I find it hard to believe that you actually believe my work to make the arts more artist-driven doesn't have room for many different kinds of work. I'd submit that any way you'd slice it it has a lot more room for variety and variance, for presenting and self-production, than the current landscape.

Movement forward in the American theatre is unlikely to take place within the walls of the large corporate entities that Daisey and Olson are debating, but on the stages of these smaller venues, who curate rather than produce work.

It depends on what you mean by "forward". If you mean strictly and only aesthetic, you might be right—often the best art comes from the small places. But I'd submit that it's a blinkered addiction to aesthetics that helped lead us to the current inequitable working and living conditions...and that this priority shift didn't even achieve the dream it was reaching for.

I'd say that the way forward needs to focus on a reshifting of priorities away from institutions and onto people. I also believe that the largest theaters and institutions, who control most of the current resources, need to be reminded of their obligations and compelled to act. That's the arena I am working within, so that is where I currently work for change.

Beyond the consumerist ideologies of whether American theatre "fails" or "succeeds,"

It is in no way consumerist to talk about how theater in American is failing its audiences, its artists and its self. It is in no way consumerist to talk about how American theater is failing to make itself relevant in a cultural context.

these companies are redefining theatre and pointing the way to new forms and recognitions;

And that is great. I would just like to see them not have to do it on their knees over broken glass, and then I'd like to see more of them strengthened to stand up and walk.

the current debate about institutional theatre model, whether Olson's or Daisey's, is a debate about real estate and the social safety net.

I agree it's a debate about real estate in part. I see my role as helping to change a discussion that has been entirely about buildings back to being about people, but unless one lives in a faerieland the topic of real estate is going to raise its head.

But "social safety net"? I'd love to hear this explained, because it sounds as though Hunka is equating security and wages for artists with wefare.

In the avoidance of discussing the work that transpires on these stages – the work that these institutional theatres support, and the ideological basis of that support

It's true that I don't in my current arguments dictate what kind of work should be done. I believe that isn't my role in this discussion. I do believe there are fruitful discussions to be had about the state of devised work vs playwright-driven work, and my own beliefs about what is and is not great art, but in an effort to clarify the conversation. That may change in the years to come.

– they seem to want to defend a theatre that is comfortable, safe and secure for both its audiences and its practitioners.

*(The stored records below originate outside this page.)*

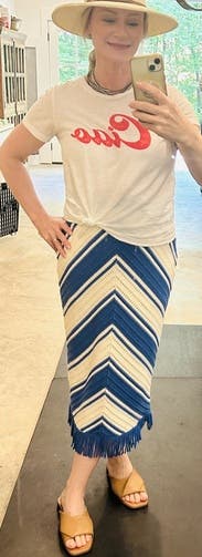 A stunning skirt, wore with flat sandals and white tank top and got so many compliments. Lunch and movie date with friends. Will purchase when it goes on sale. Heavy but not suffocating hot, it’s lined and adorable. RTR is amazing but I want every piece that fits.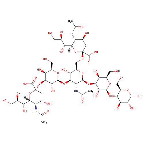 | SMILES | [H][C@]1(O[C@@](C[C@H](O)[C@H]1NC(C)=O)(OC[C@H]1O[C@@H](O[C@H]2[C@@H](O)[C@@H](CO)O[C@@H](O[C@H]3[C@H](O)[C@@H](O)C(O)O[C@@H]3CO)[C@@H]2O)[C@H](NC(C)=O)[C@@H](O[C@@H]2O[C@H](CO)[C@H](O)[C@H](O[C@@]3(C[C@H](O)[C@@H](NC(C)=O)[C@@]([H])(O3)[C@H](O)[C@H](O)CO)C(O)=O)[C@H]2O)[C@@H]1O)C(O)=O)[C@H](O)[C@H](O)CO |
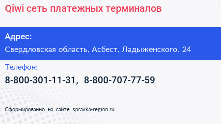 Qiwi, сеть платежных терминалов по адресу Свердловская область, Асбест, Ладыженского, 24 в дальнейшем Организация, размещена в следующих категориях:

First, there's no way theater today is comfortable, safe and secure for the practitioners
anywhere, so I can't be defending that status quo, as it doesn't exist.

Second, while I certainly agree that a lot of theater suffers from making its audiences too comfortable, I don't think my work over the last few years can even remotely be construed as defending that kind of theater.

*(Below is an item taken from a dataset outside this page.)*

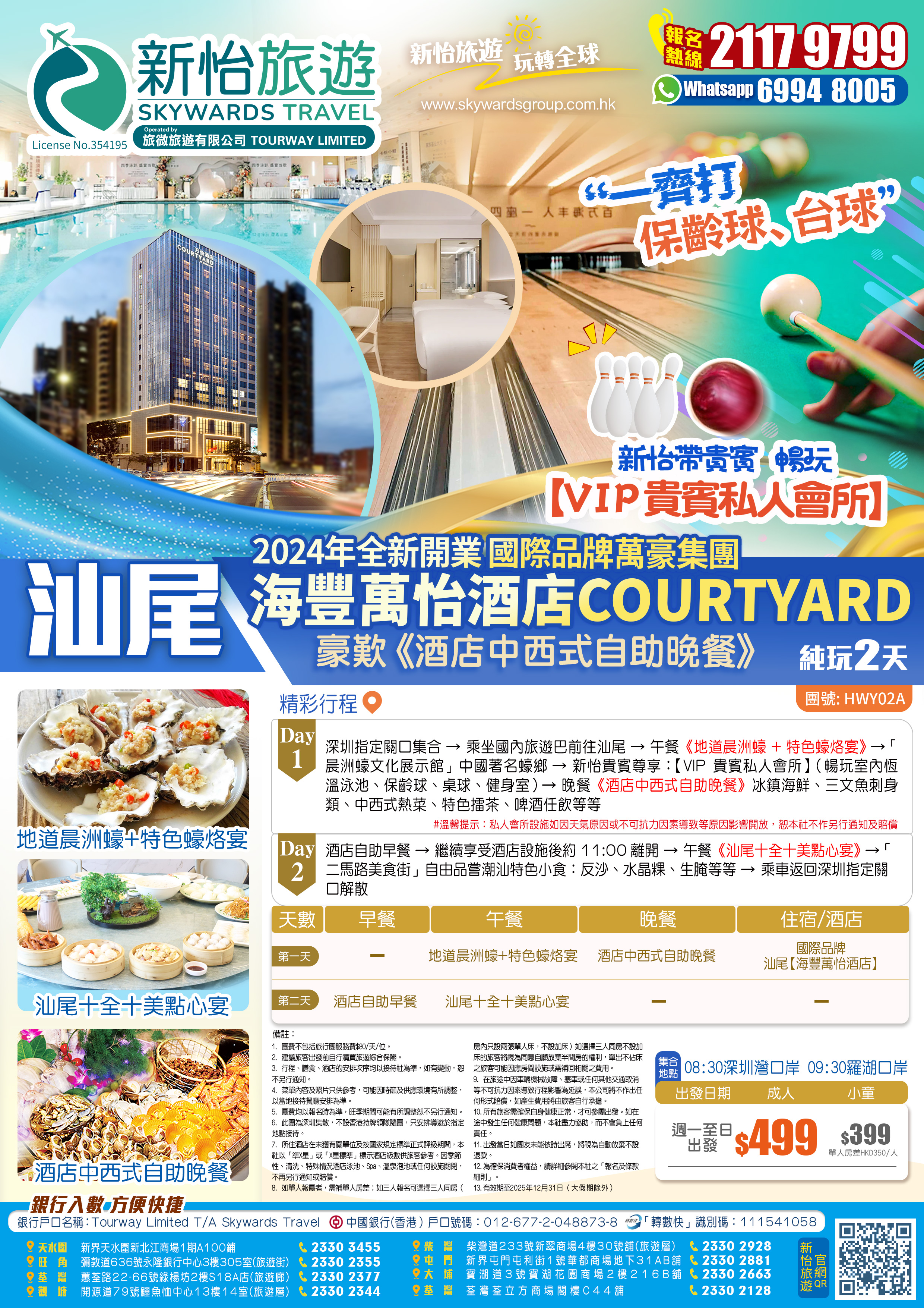 深圳指定關口集合—乘坐國內旅遊巴前往汕尾—午餐《地道晨洲蠔+特色蠔烙宴》—「晨洲蠔文化展示館」中國著名蠔鄉—新怡貴賓尊享:【VIP貴賓私人會所】(暢玩室內恆溫泳池、保齡球、桌球、健身室)—晚餐《酒店中西式自助晚餐》冰鎮海鮮、三文魚刺身類、現煎扒類、中西式熱菜、特色擂茶、啤酒任飲等等

It is possible to imagine that I could be seen as part of the problem, *if* you believe that nothing except bourgeois comfort can come from any theater that is not on a vanishingly short list of approved downtown experiences. I do not believe this, and I think it's a solipsistic rabbit hole into which people can hide.

But without risk and danger, theatre and art is nothing.

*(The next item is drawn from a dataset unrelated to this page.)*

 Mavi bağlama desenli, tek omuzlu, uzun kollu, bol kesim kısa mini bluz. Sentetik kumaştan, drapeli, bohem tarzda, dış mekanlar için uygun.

Because I am American, I spell theater -er rather than -re.

When Noah Webster created the new American dictionary he formalized the American spelling of all such words as -er, including the word theater.

Interestingly it was theater owners, who were afraid that the new spelling would not appear as erudite and snobbish as the -re spelling, who clung to the old spelling.

Spelling and cultural baggage aside, I entirely agree with the last point.